The Nazis surrendered in May 1945, three months before the first atomic bomb was ready; the Japanese had been seeking peace since the summer of 1944 and only wanted an assurance that their divine emperor, Hirohito, wouldn’t be dethroned. Even without the atomic bomb, everyone agrees that Japan would have been defeated by conventional warfare shortly anyway. It’s not a new message; it’s the most famous quote from Jurassic Park: “You were so preoccupied with whether or not you could” make an atomic bomb, “you didn’t stop to think if you should.” Today, the same thing might be said of the headlong rush to create artificial intelligence happening in military installations and at corporations with no public debate and little if any oversight.

What do you hope readers gain from reading The Oppenheimer Alternative?

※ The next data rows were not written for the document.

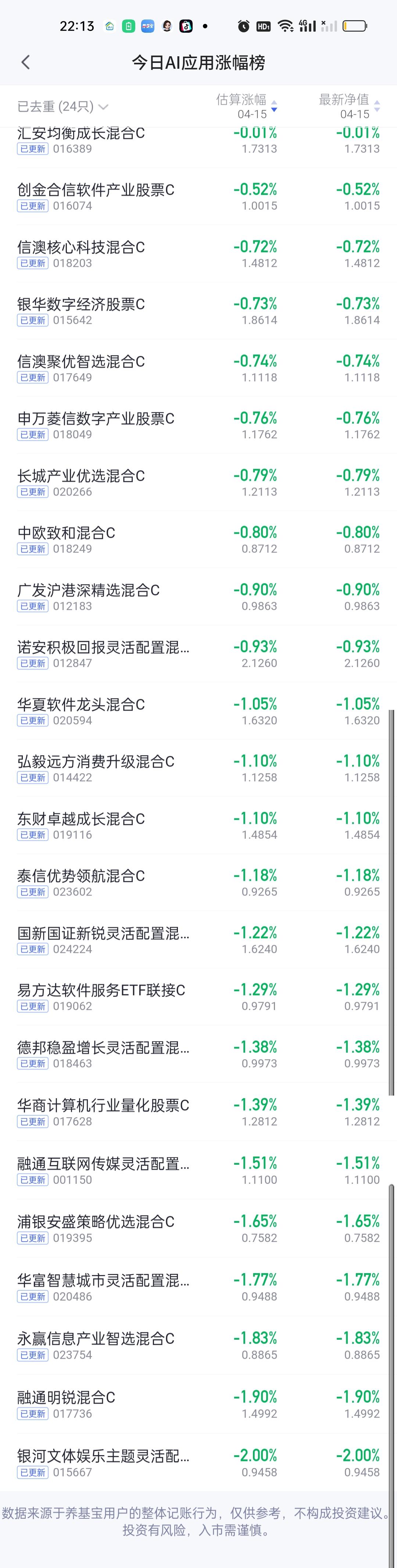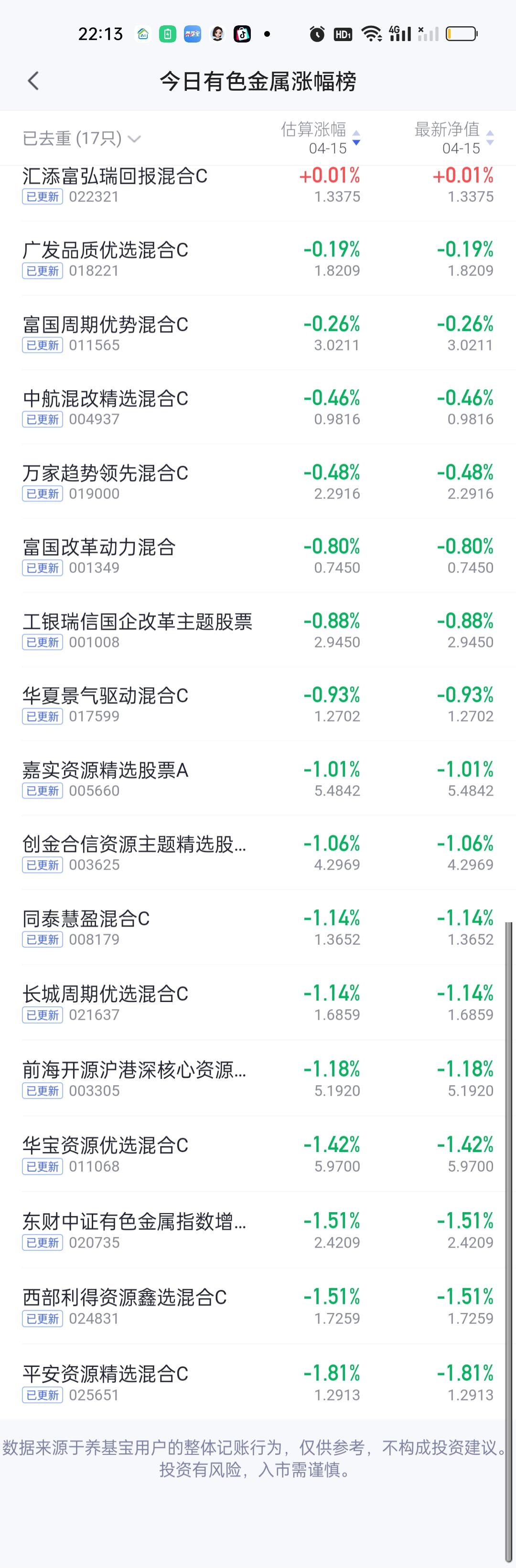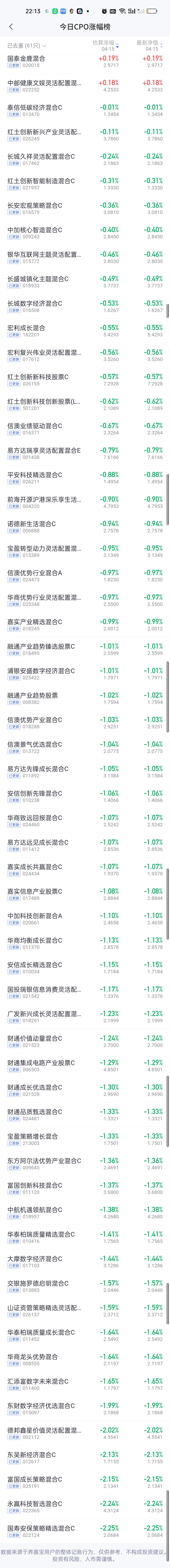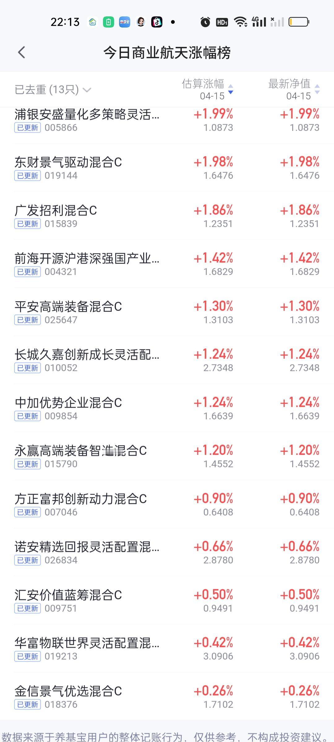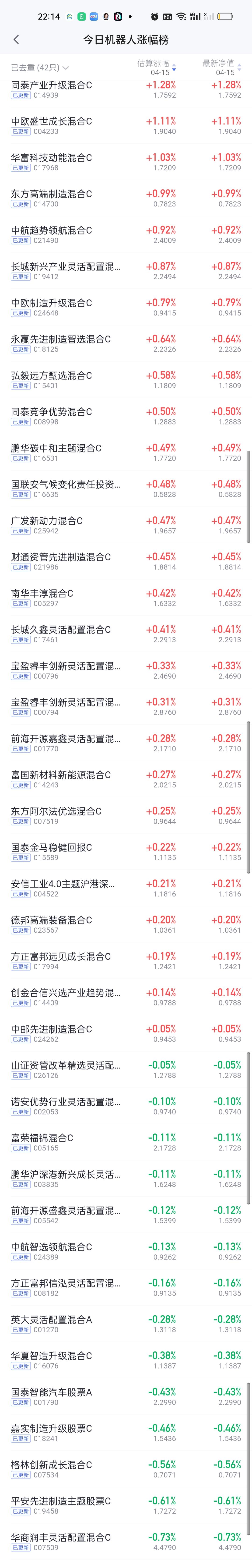 今日基金净值榜已全部更新完毕。排名靠前的除了国投白银其它都是来自创新药板块的基金。 中银港股通医药涨6.03%排名第一,中航恒宇港股通价值5.89%排名第二,国投白银5.31%排名第三,中银创新医疗5.29%排名第四,东吴医疗服务5.25%排名第五,东吴创新医疗和华泰柏瑞港股通医疗5.04%排名第六。这也是今天收益率在5%以上的全部七只基金。 跌幅榜方面,东方汽车产业趋势跌3.74%排名第一,国寿安保低碳经济3.59%排名第二,华宝绿色领先股票3.57%排名第三,富国资源精选3.53%排名第四,华夏核心成长3.52%排名第五,前海开源周期精选3.51%排名第六。 有色金属,商业航天,AI应用,CPO,机器人,创新药涨幅榜一并奉上!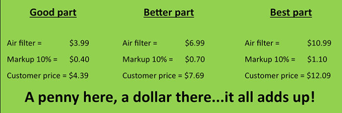- Buying “cheap” parts: We all know that there are good, better and best parts. And you make money and add more customers to your base when you use the better or best part for the job. Let the customer be part of the repair by telling them the pros and cons of each part alternative. Then, ask for the best job.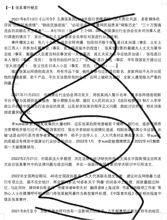 (7)2022年1月,李xue政被禁言後,張母的茶店客服通過微信朋友圈推薦了一個公眾號:張三堅。該公眾號約每週更新一篇文章,主要為分享讀書、觀影心得、人生感悟、吉他彈奏,偶爾會從專業角度分析演員的表演方法。此號被眾多張某的朋友、粉絲所推薦,最後於2022年4月被封禁。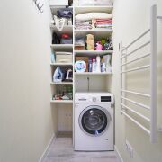 Так же предусмотрена прачечная. Установлена стиральная машина. Сушилка потолочная. И полки для хранения.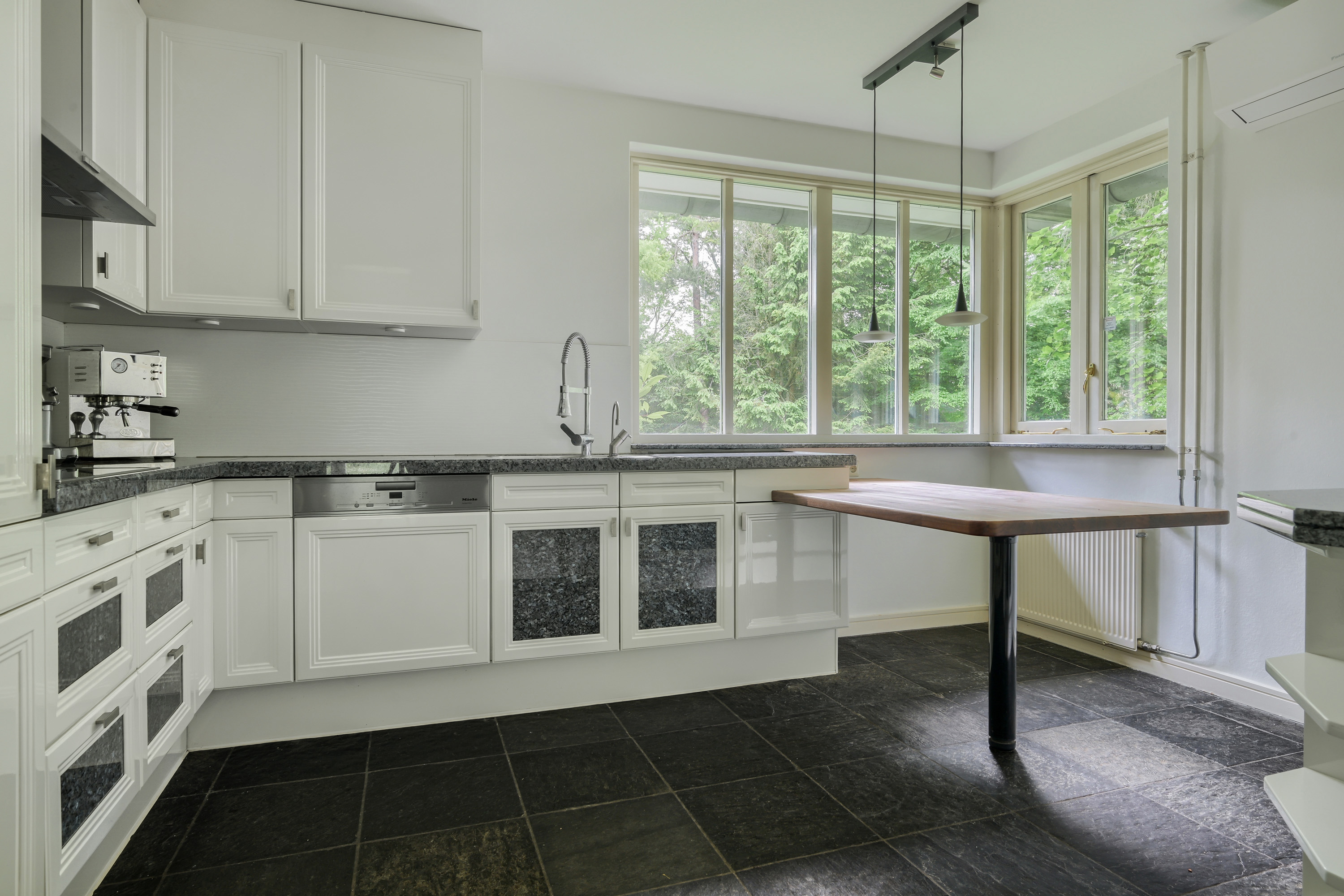 Features include a granite countertop with 1½ stainless steel sink and Quooker tap. Appliances include a dishwasher, induction hob, stainless steel extractor, refrigerator, two ovens, and a built-in espresso machine. The kitchen also features a dining area and a wall unit with countertop and ample cabinet space.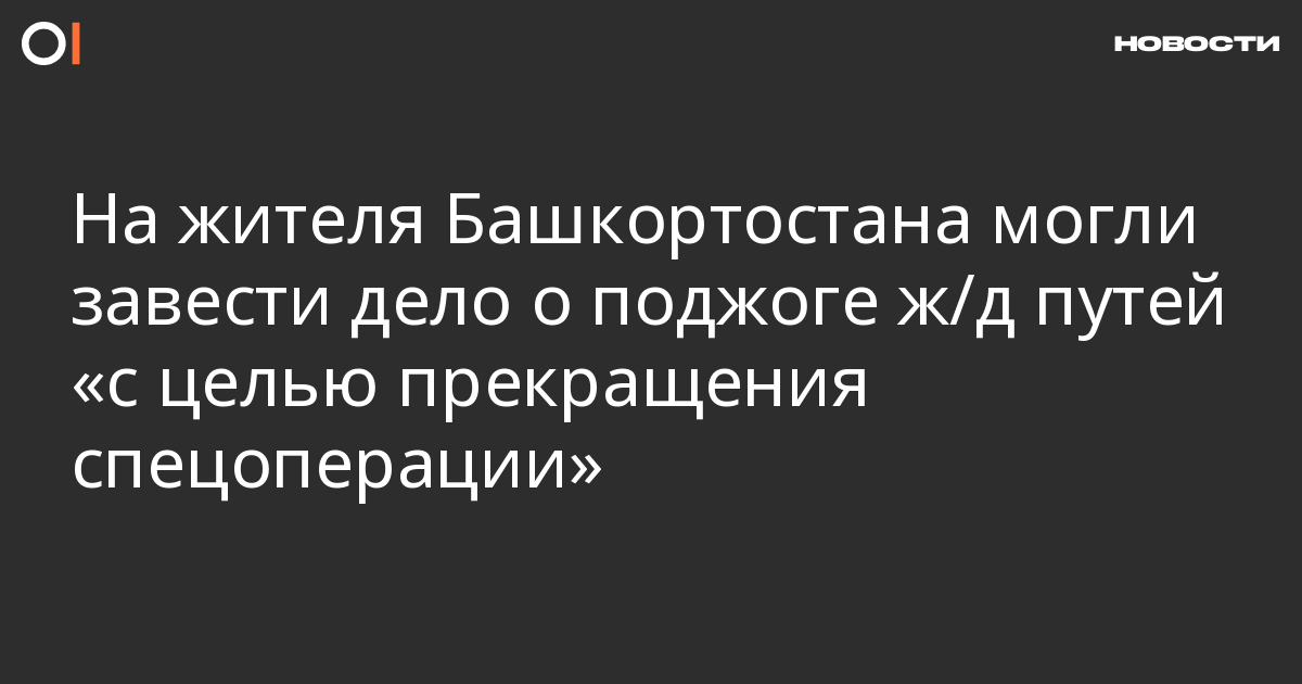Против 22-летнего жителя города Сибай (республика Башкортостан) Алика Багаутдинова могли возбудить уголовное дело о поджоге железнодорожных путей «с целью прекращения спецоперации России на Украине». Об этом 10 марта сообщило РБК.

My novel isn’t just timely because of the anniversaries mentioned earlier. It’s also timely because of its central theme. In a crisis, do we listen to politicians, or do we listen to scientists? Whether it’s the potential for nuclear annihilation, dealing with catastrophic climate change, or battling a worldwide pandemic, listening to the experts is the only thing that will save us.

What can readers expect next from the author who’s become “Canada’s answer to Michael Crichton” (The Toronto Star)?

It’s my contention that the COVID-19 plague is this generation’s World War—this generation’s Great Depression. It has already monumentally changed things while we are dealing with it, and I don’t think we’ll ever go back to the way things were beforehand. Add to that the tipping point that it seems we’ve finally reached in terms of addressing systemic racism, and the future is going to be radically different and in many ways better. Well, despite the fact that The Oppenheimer Alternative was set in the past, it’s the future that is the normal milieu for a science-fiction writer, and, using SF’s toolbox of masks and metaphors, I’m embarking on my 25th novel, which will explore the strange new world that lies ahead of us all after the pandemic is over.